I watched as Alice disappeared into the next room. I could only assume that she wanted to explain the situation to Carlisle before the introduction. But even so, she was taking much longer than expected. It was about ten whole minutes of patience and cold breezes before she appeared again. Her face was friendlier now, and rather welcoming. Surely, this must be a good sign.
"Carlisle will be with you in a minute," she grinned. Her face was as calm as breeze swooping through the doorway. "He just wanted to do something really quickly before he met you." What was so important for a vampire to do? Humanly priorities are not on his To-Do List, surely. Alice was still staring at me, almost as if she could hear me questioning to myself. I half smiled back in order ease the building tension, but it was Carlisle's sudden appearance that buried it six feet below.
"Hello," he nodded once in my direction; it was both a welcoming and reassuring nod, and that was an excellent indication. "As you may already know, I'm Carlisle, and this is Alice," He swiftly lifted his hand and gestured towards the tiny figure beside him. "I understand that you've come to know our way of life quite well...Where are you from, originally?" It wasn't as much an interrogation, but rather, it was a question of pure interest, and precaution.
"I was born in Western Europe, sir.
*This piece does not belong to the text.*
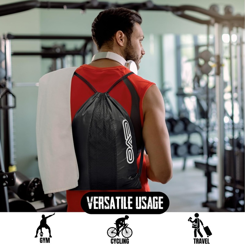 EVO Fitness Drawstring Bags - Lightweight Gym Backpack Men, Ideal for Gym Travel and Cycling Durable Mesh Material wiht Adjustable Shoulder Straps Drawstring sports bag (Black)

Our family decided to migrate to America during the 1950's. You see, my father was a doctor, much like yourself; very wealthy, yet, extremely self-seeking. As soon as his occupation and prosperity were at the slightest of risks, he sought a new life; A better life, he called it." I chuckled to myself. "He forced my mother to surrender her title as teacher of the faith, disallowed my two older sisters to further continue their education, and prohibited me to be with the one person I truly loved," If I could cry, even only for a little while, I would have used up the chance at this very bittersweet moment. "He was a monster."
Carlisle, seeming rather phased by my tale, stood in thoughtful silence. I had much more to say, but no reason to say it, so I cast aside my riveting deliberation and stood still, waiting for some sort of obvious response. Alice, now in a more rigid state, was the first to break the silence.
"Are there more of you, then?" Her stiff pose relaxed into a slight lean towards the door. She looked around outside, almost as if she was expecting to spot the other coven.
"No, I'm on my own. I've been on my own ever since..." Thinking about it was unbearable; talking about it would surely be my end. "Ever since I left my family behind and begun travelling; living in vampiric abstinence, as I like to call it." I wasn't willing to make myself appear as a pathetic leech with a broken heart.